▸ **What you will do**
Here is a listing, set out below; repeat its lines from the one with "Yanmar B37-P B37-PR" to the last, both included, and leave out the pictures.

#### Dataset content

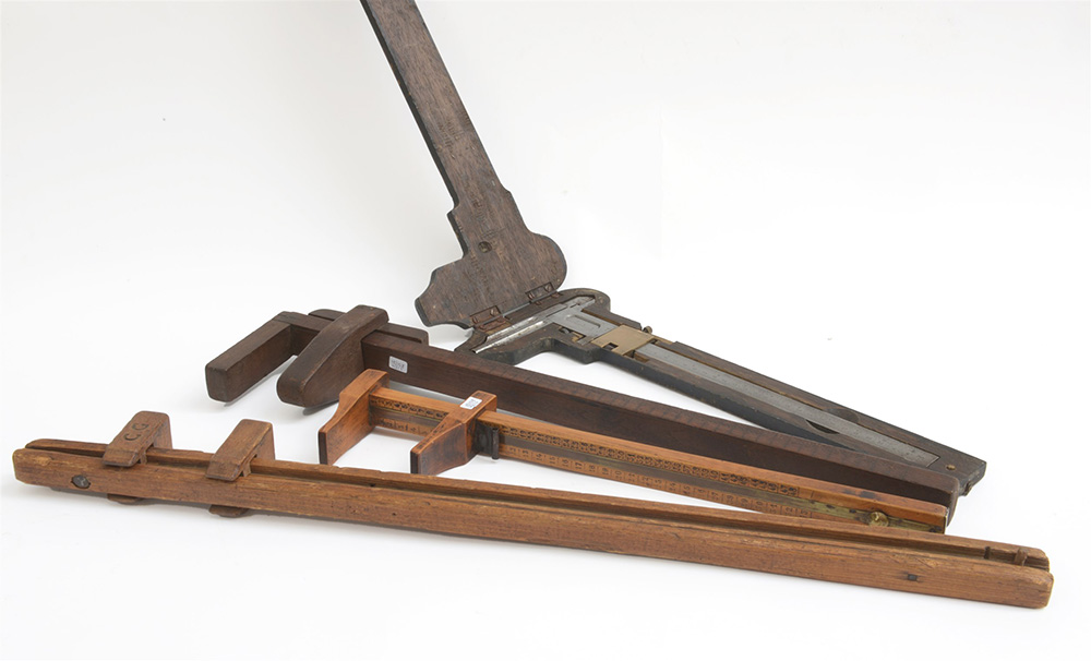 Lotto composto da quattro calibri di cui tre in legno e uno in ferro con...
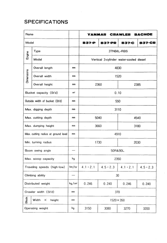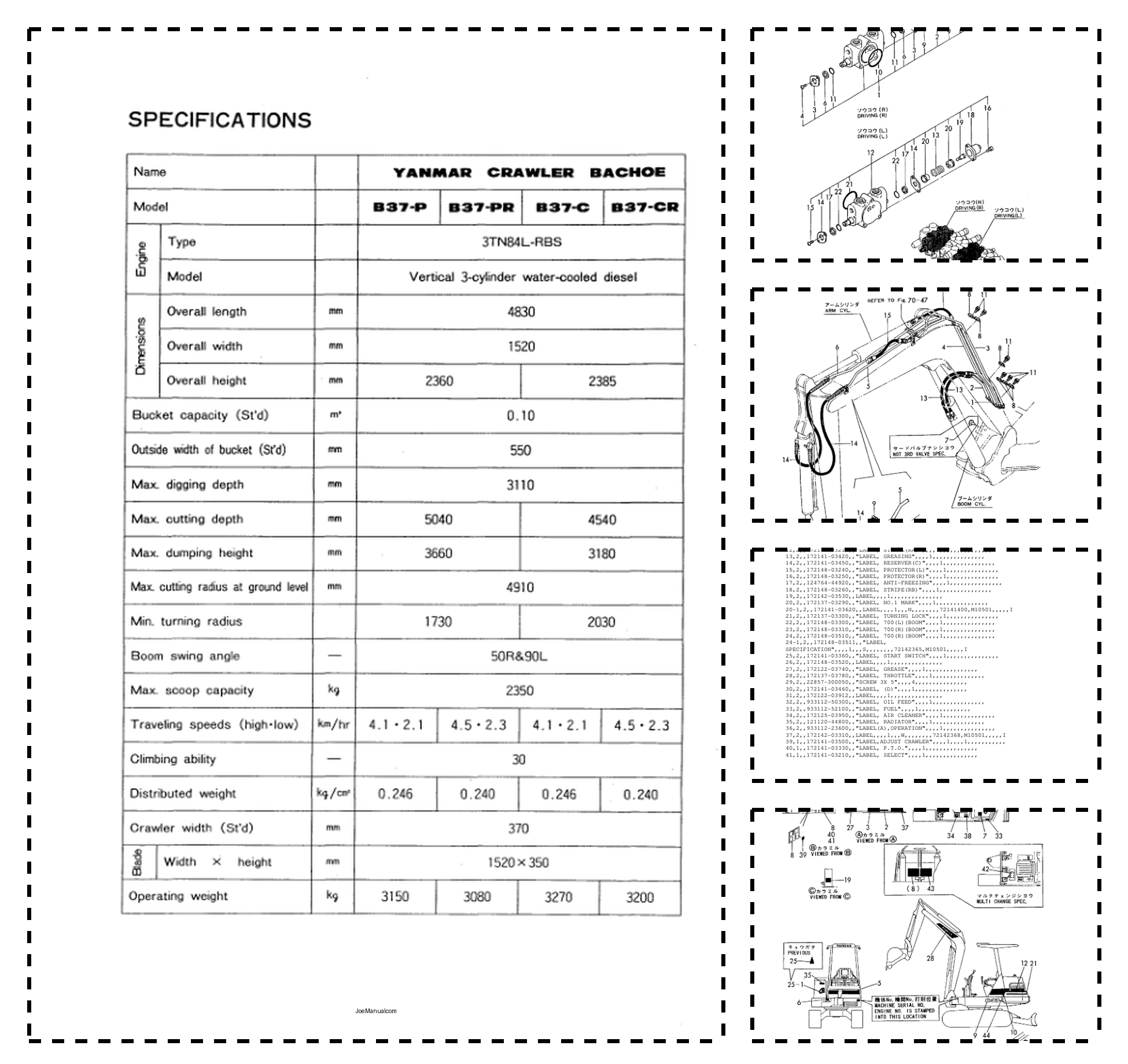 Yanmar B37-P B37-PR B37-C B37-CR Excavator Parts Catalog and Wiring Diagram
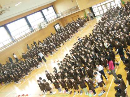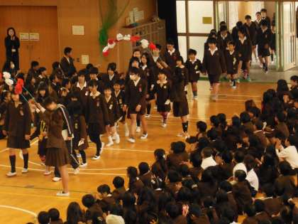 6年生の卒業を祝って、各学年からメダルや手紙、歌などのプレゼントが贈られました。

########

▸ **Result for this exercise**
 Yanmar B37-P B37-PR B37-C B37-CR Excavator Parts Catalog and Wiring Diagram
 6年生の卒業を祝って、各学年からメダルや手紙、歌などのプレゼントが贈られました。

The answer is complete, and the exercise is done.